__Task to carry out__: Taking the line that contains "Hip geboortekaartje voor" as the start and the last line of the data as the end, repeat exactly every line in that span, but no pictures.
----------
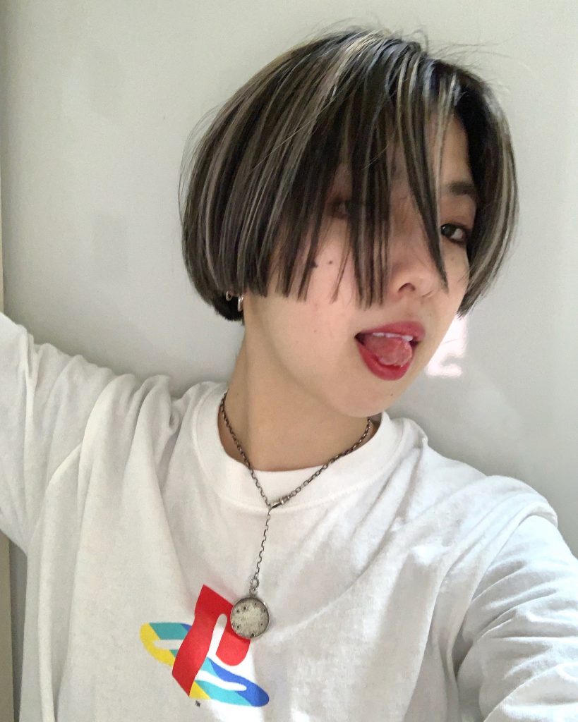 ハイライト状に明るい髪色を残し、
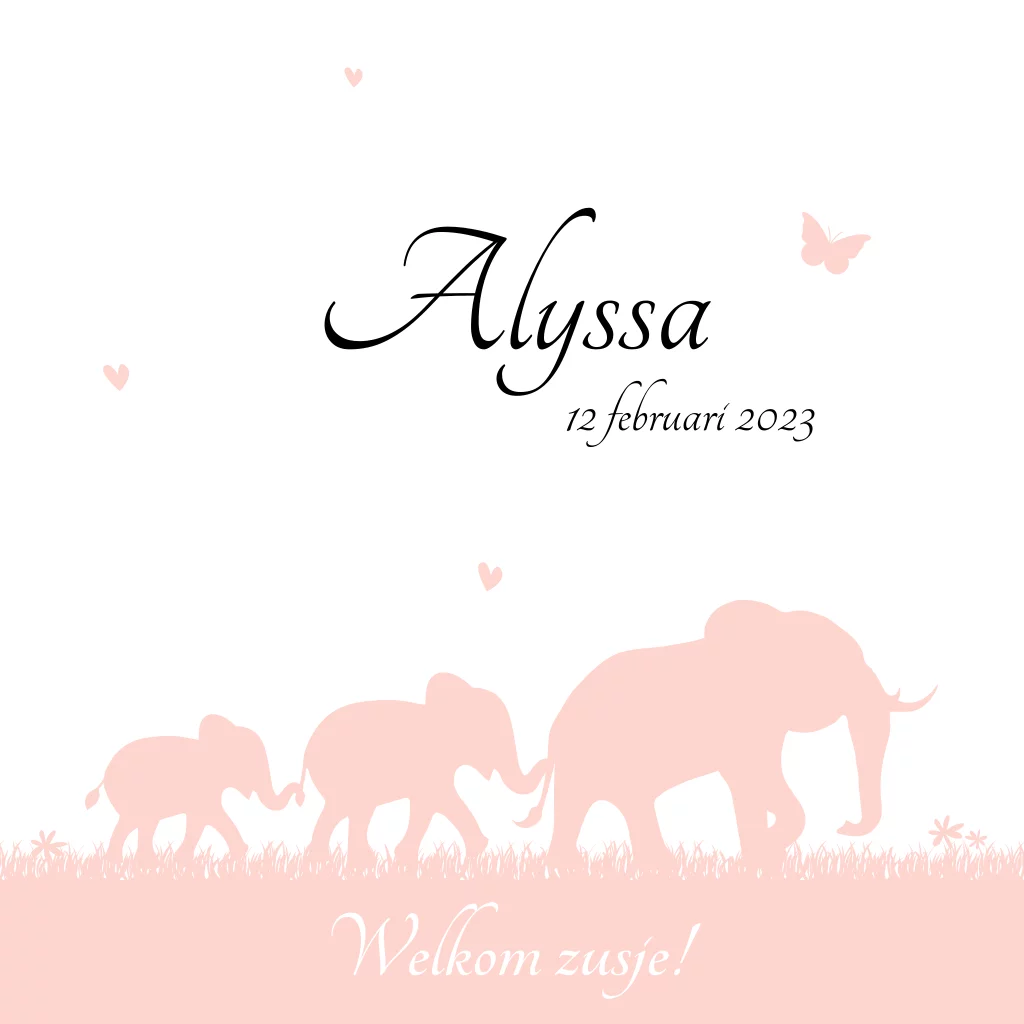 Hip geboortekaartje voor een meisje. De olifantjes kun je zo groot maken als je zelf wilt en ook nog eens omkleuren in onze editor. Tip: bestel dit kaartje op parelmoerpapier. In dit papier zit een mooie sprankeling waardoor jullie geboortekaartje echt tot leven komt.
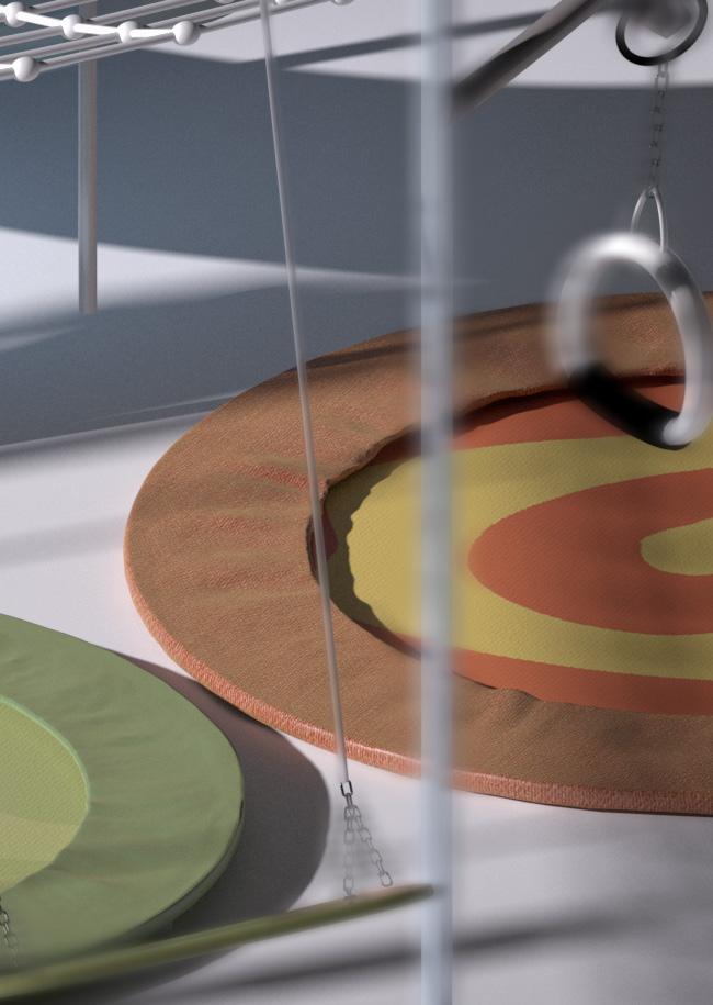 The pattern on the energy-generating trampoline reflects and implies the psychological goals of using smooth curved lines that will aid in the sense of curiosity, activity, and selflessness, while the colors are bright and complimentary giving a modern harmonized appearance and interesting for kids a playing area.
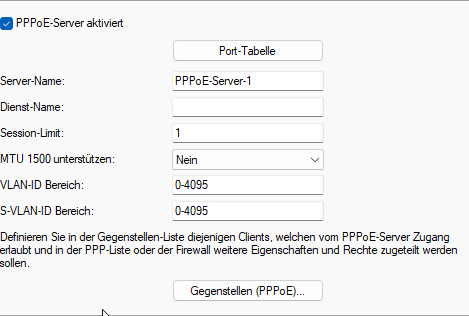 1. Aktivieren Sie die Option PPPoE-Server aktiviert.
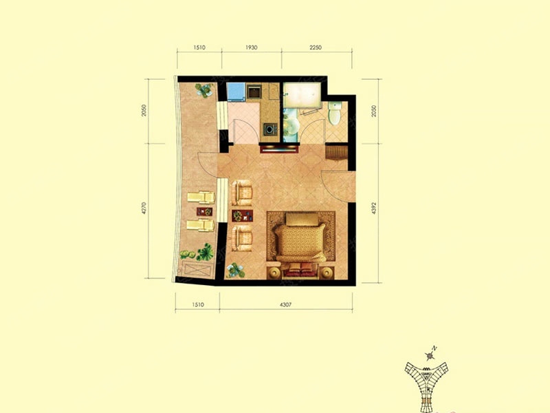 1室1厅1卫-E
----------
__Solution to this task__:
 Hip geboortekaartje voor een meisje. De olifantjes kun je zo groot maken als je zelf wilt en ook nog eens omkleuren in onze editor. Tip: bestel dit kaartje op parelmoerpapier. In dit papier zit een mooie sprankeling waardoor jullie geboortekaartje echt tot leven komt.
 The pattern on the energy-generating trampoline reflects and implies the psychological goals of using smooth curved lines that will aid in the sense of curiosity, activity, and selflessness, while the colors are bright and complimentary giving a modern harmonized appearance and interesting for kids a playing area.
 1. Aktivieren Sie die Option PPPoE-Server aktiviert.
 1室1厅1卫-E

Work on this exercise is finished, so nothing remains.